→ **Instructions for the task**
Could you retype exactly the lines below between the one holding "ファスナーの不意の開閉を防ぐストラップで、収納物の落下の防止にも最適です。" and the one holding "随着玩家能力越大,挑战更高级的商业街,说产生的收益也会更高。", inclusive, leaving out any pictures?
[[ Records for the exercise open ]]
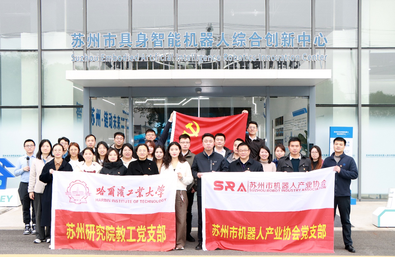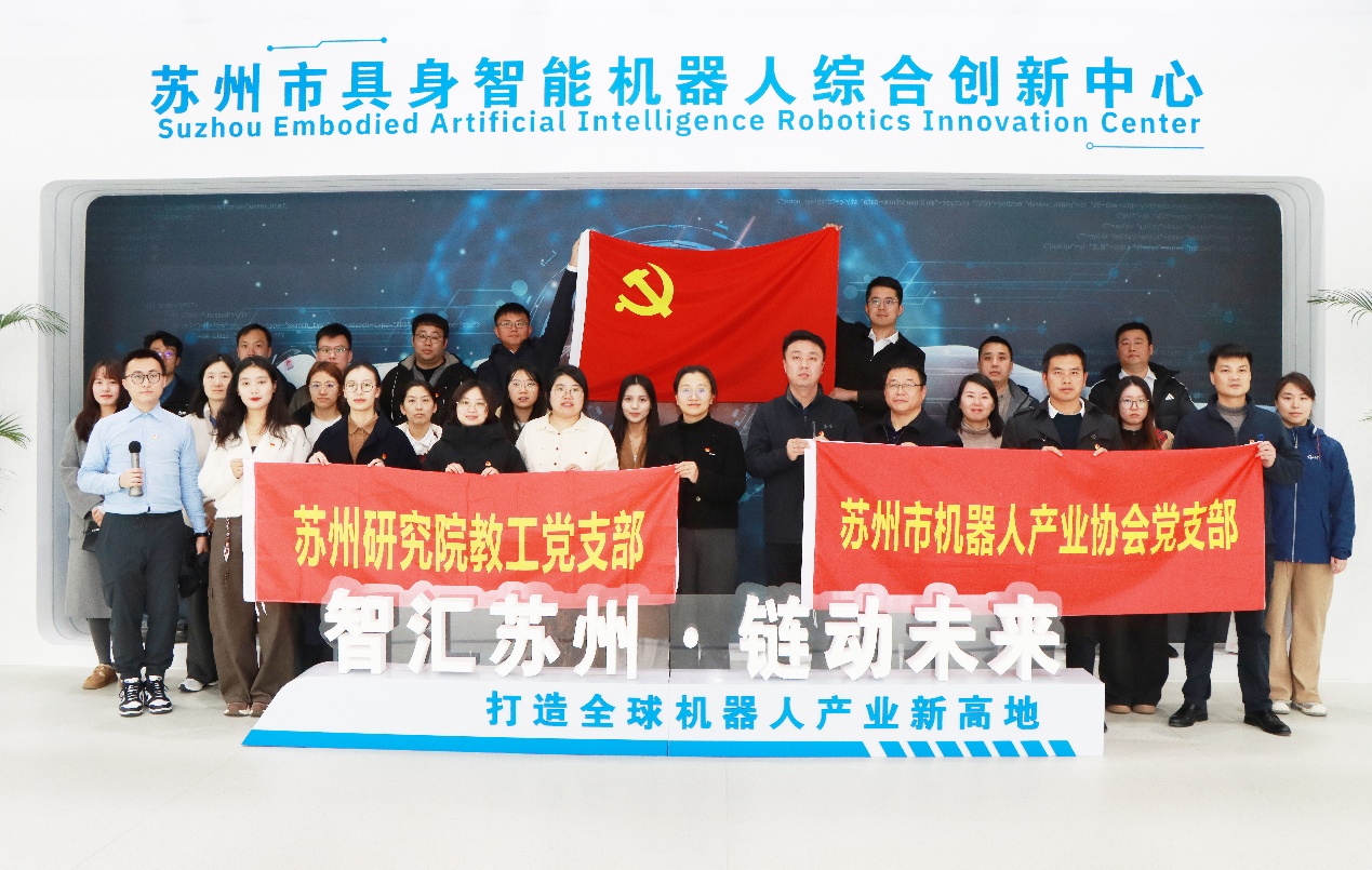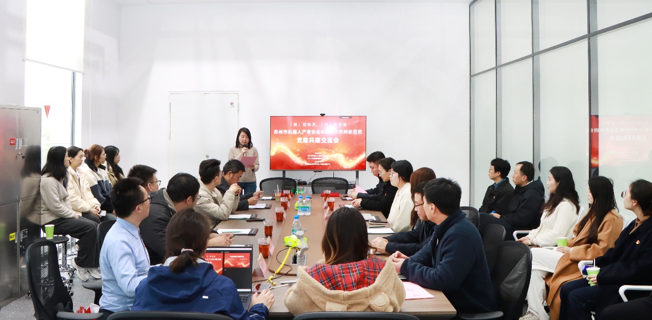 3月20日下午,研究院教工党支部与苏州市机器人产业协会党支部在苏州市具身智能机器人综合创新中心举办党建共建交流会。本次活动以"‘模’绘世界,‘身’临智境”为主题,来自苏州市机器人行业协会、科研院所的党员代表及特邀嘉宾等20余人参会,活动围绕党建引领机器人产业高质量发展进行深入交流。
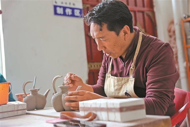 公司實行“按勞計酬”的薪酬制度,為員工提供了穩(wěn)定的收入保障。這份“家門口”的可觀收入,讓員工們穩(wěn)穩(wěn)撐起了家庭的幸福生活。“以前在家種地,收入不穩(wěn)定,現(xiàn)在在公司做黑陶,不僅學到了一門手藝,每個月還有固定工資,日子越過越有盼頭了!”作為曲珠的第一批學生,扎西如今已能獨立設計制作復雜的黑陶茶具,月薪穩(wěn)定在5000元左右,他的感慨道出了所有員工的心聲。這些扎根鄉(xiāng)土的手藝人,不僅用雙手改變了生活,更因?qū)@門技藝的熱愛與堅守,成為察雅黑陶傳承路上的重要力量。
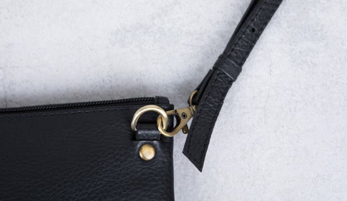 ファスナーの不意の開閉を防ぐストラップで、収納物の落下の防止にも最適です。
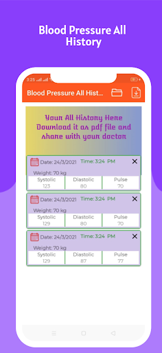 One of the most powerful features of Blood Pressure Diary is its reporting functionality. You can export your readings as PDF files and share them with your doctor or family members. This makes it easy to track your readings over time and provide your healthcare provider with accurate, up-to-date information.
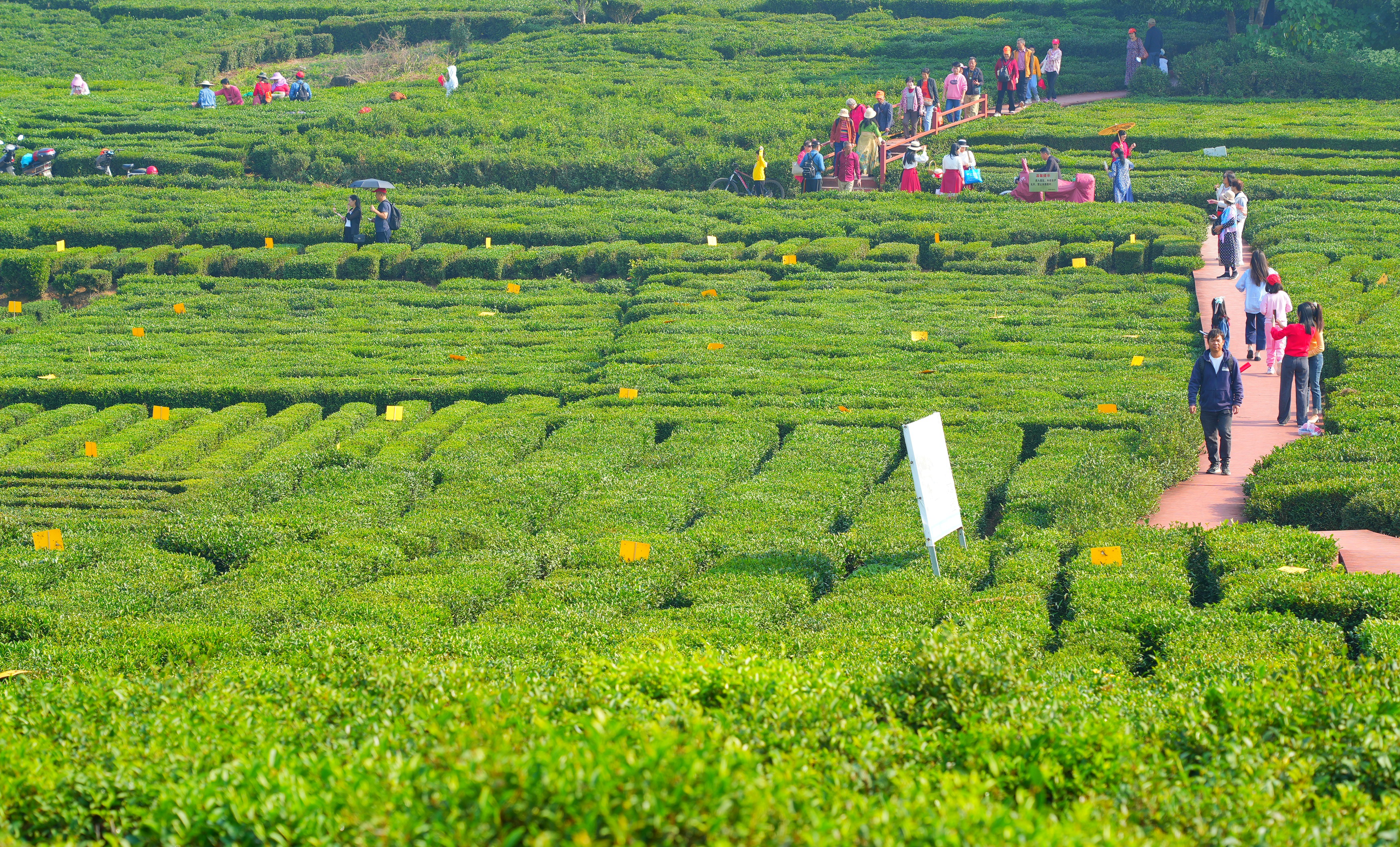 羅浮山下的柏塘萬(wàn)畝茶園吸引眾多游人打卡;葜萑?qǐng)?bào)記者朱金贊 楊建業(yè) 攝
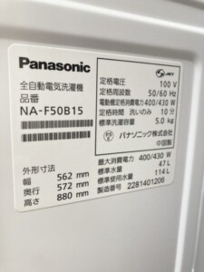 宮城県仙台市にてPanasonic 全自動洗濯機 NA-F50B15(5.0kg)を出張買取|比較的きれいな状態を考慮し適正価格で査定しました
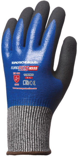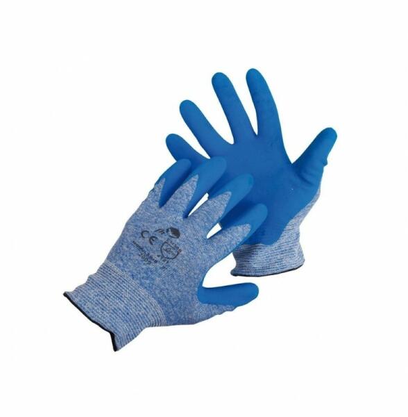 Könnyű, kifejezetten kényelmes, teljesen kézre simuló kialakítás EUROCUT 13-as kötésű, legmagasabb szintű szakítás- és kopásállóságú, szúrásbiztos illetve maximális 5-ös szinten vágásbiztos HPPE (high performance PE) + üvegszál alapanyagú védőkesztyű hátrészen végig kék sima nitril mártás + a tenyerén fekete speciális Sandy csúszásbiztos nitril réteg a má
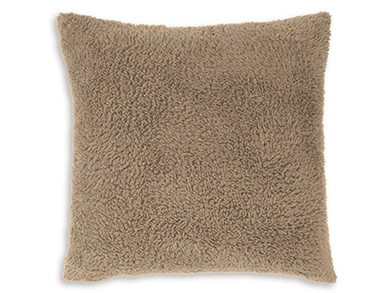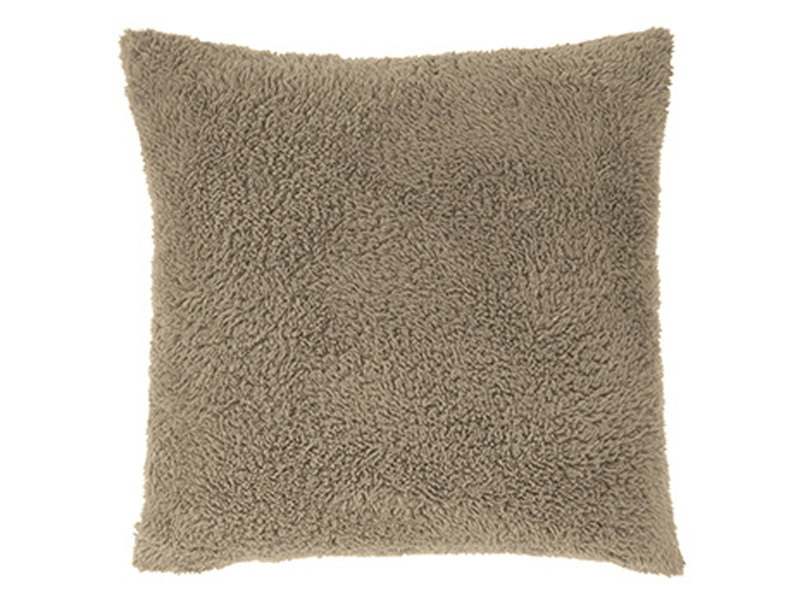 Sherpa in latte color. Solid reverse in tan. Knife edge construction. Polyester face with cotton reverse. Zipper closure. Fiber filled. Machine washable.
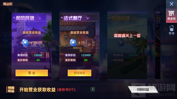 随着玩家能力越大,挑战更高级的商业街,说产生的收益也会更高。
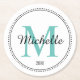 Personalised Monogram Teal Round Paper Coaster
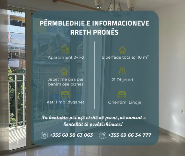 Apartamenti ndodhet në katin e parë mbi dyqanet.
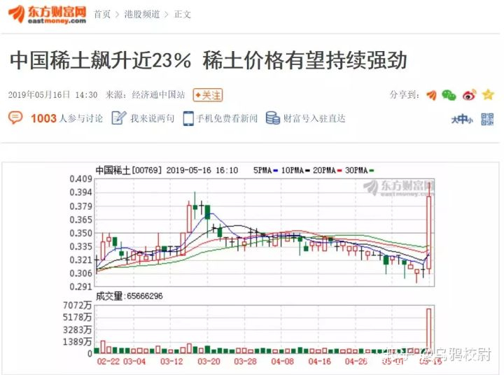 有中國人發現了這點,就在這個消息出來當天稀土行業的股票大漲,今天又集體漲停。
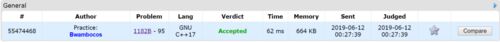 問題 解法 解答 問題 codeforces.com 解法 縦長のタイルは 4x4 のマスの上半分,横長のタイルは下半分にひたすら敷き詰めていけば永遠に敷き詰められる.なぜなら,上半分に関しては 4 つ設置すると上から 1, 2 行目が消えて,下半分に関しては 2 つ横に並べ…
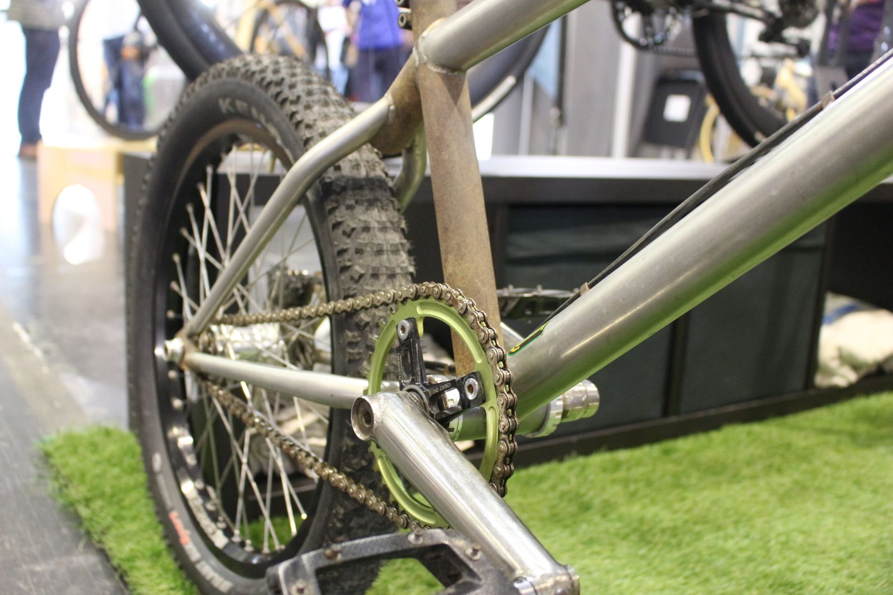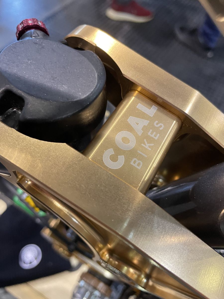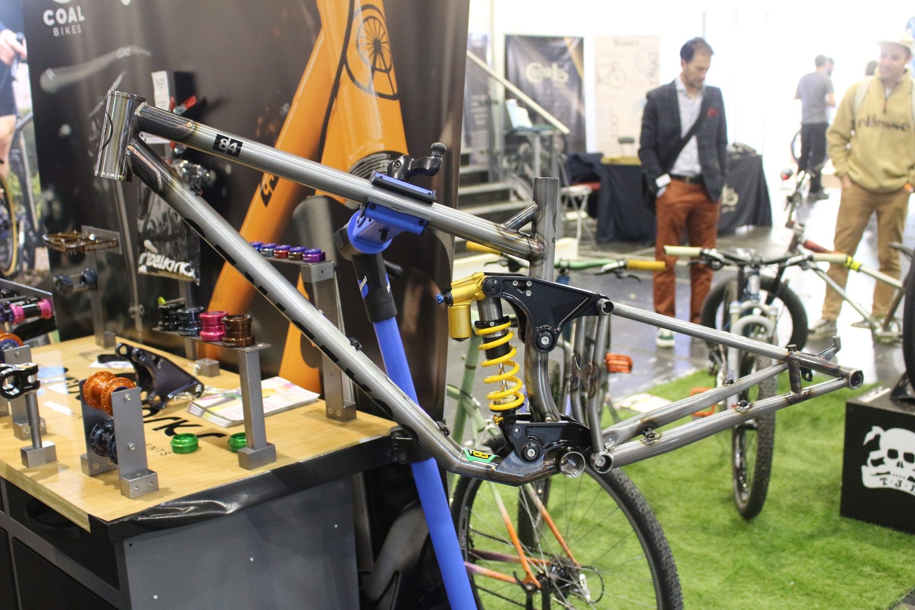 These bikes are built by Gavin, who was the framebuilder at Stanton when I visited there and he showed me how to weld. He’s now part of Coal Bikes, and they’re just finalising their design. For me, this was the best dressed mountain bike of the show. Looking more than skin deep, there’s a really interesting frame underneath that bears closer inspection.
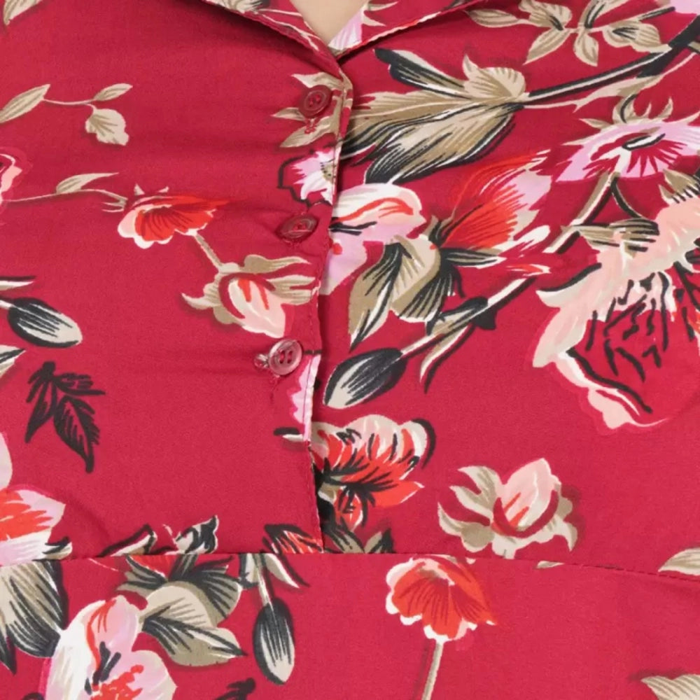 Generic women's fit and flare maroon dress made from polyester fabric with a collar neck and half sleeves, suitable for casual occasions.
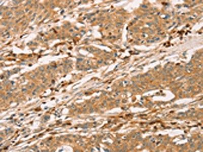 The image on the left is immunohistochemistry of paraffin-embedded Human gastric cancer tissue using CSB-PA985242(SPN Antibody) at dilution 1/60, on the right is treated with fusion protein. (Original magnification: ×200)
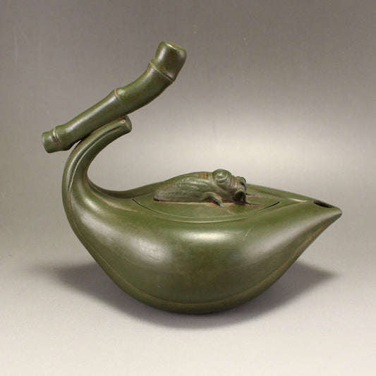Old Green Yixing Zisha Clay Bamboo & Cicada Teapot w Artist Signed
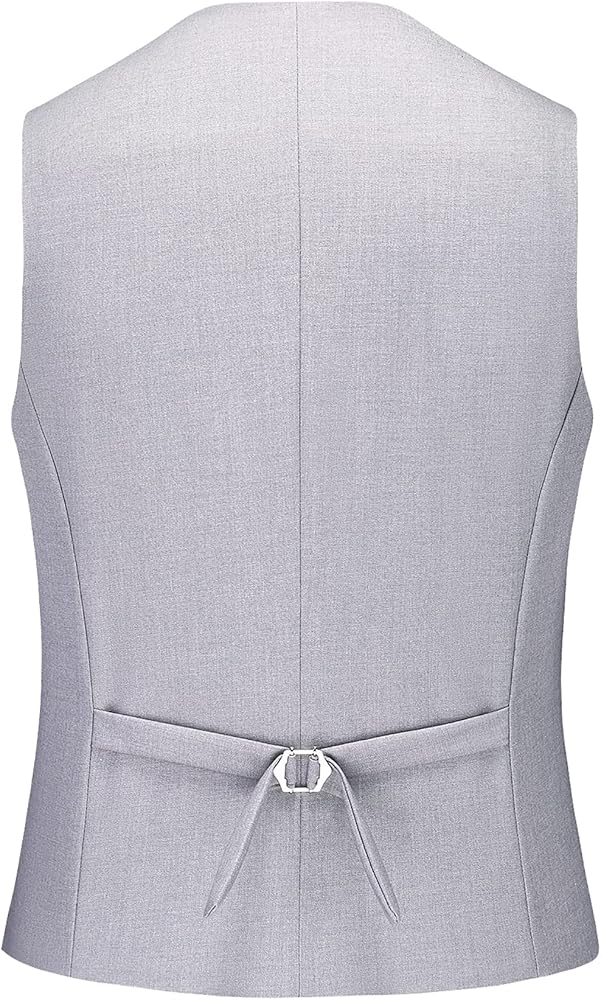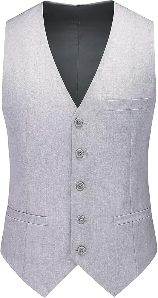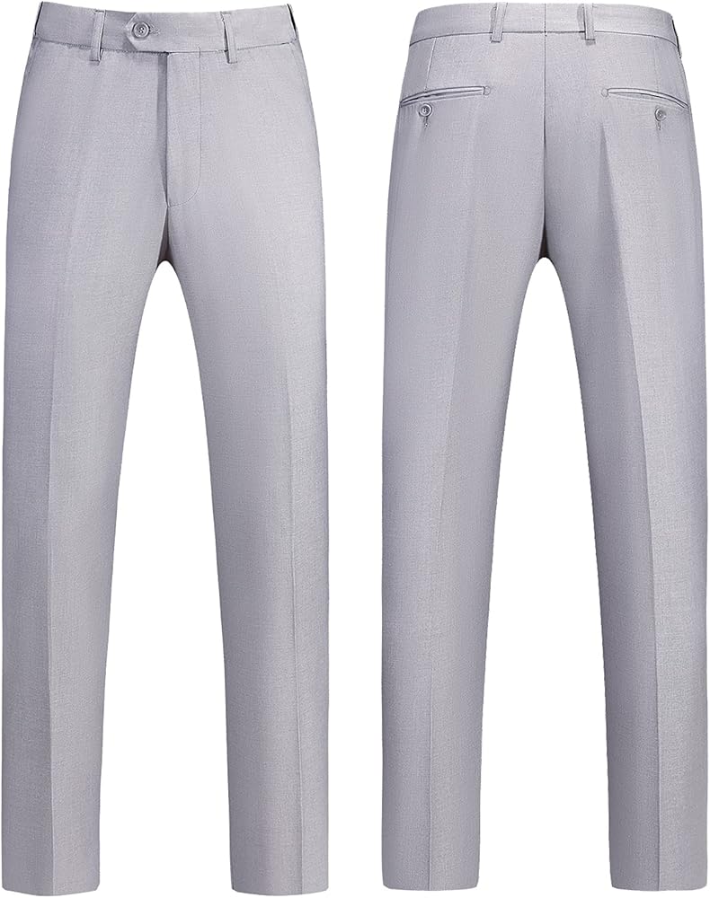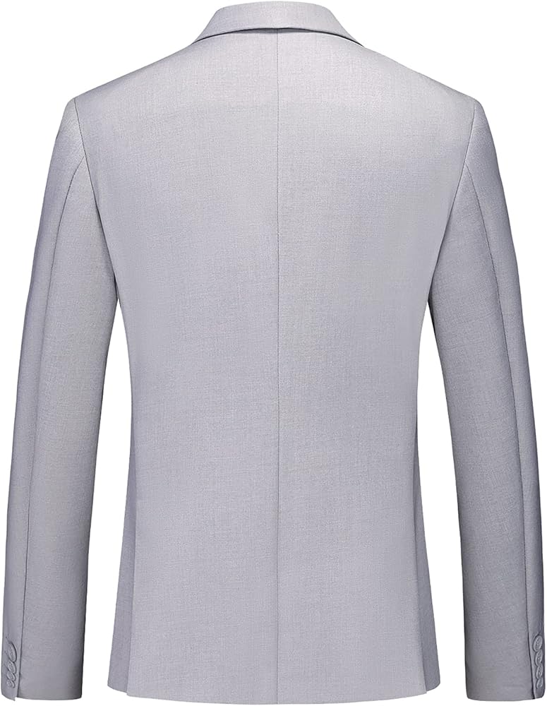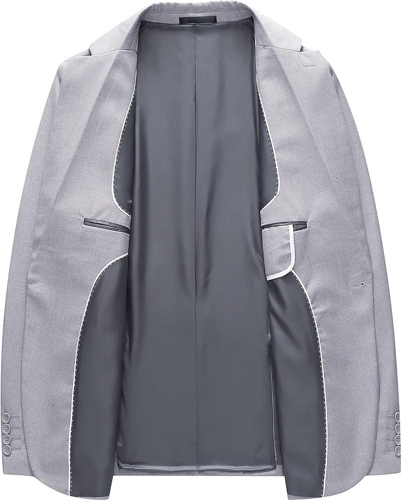 Mens slim fit suits with expandable waist, the elastic waist pants make it felt comfortable, One button side vent blazer jacket with true handkerchief pocket, 4 buttons peacked bottom vest with adjustable back
[[ Records for the exercise closed ]]
→ **Response to the exercise**
 ファスナーの不意の開閉を防ぐストラップで、収納物の落下の防止にも最適です。
 One of the most powerful features of Blood Pressure Diary is its reporting functionality. You can export your readings as PDF files and share them with your doctor or family members. This makes it easy to track your readings over time and provide your healthcare provider with accurate, up-to-date information.
 羅浮山下的柏塘萬(wàn)畝茶園吸引眾多游人打卡;葜萑?qǐng)?bào)記者朱金贊 楊建業(yè) 攝
 宮城県仙台市にてPanasonic 全自動洗濯機 NA-F50B15(5.0kg)を出張買取|比較的きれいな状態を考慮し適正価格で査定しました
 Könnyű, kifejezetten kényelmes, teljesen kézre simuló kialakítás EUROCUT 13-as kötésű, legmagasabb szintű szakítás- és kopásállóságú, szúrásbiztos illetve maximális 5-ös szinten vágásbiztos HPPE (high performance PE) + üvegszál alapanyagú védőkesztyű hátrészen végig kék sima nitril mártás + a tenyerén fekete speciális Sandy csúszásbiztos nitril réteg a má
 Sherpa in latte color. Solid reverse in tan. Knife edge construction. Polyester face with cotton reverse. Zipper closure. Fiber filled. Machine washable.
 随着玩家能力越大,挑战更高级的商业街,说产生的收益也会更高。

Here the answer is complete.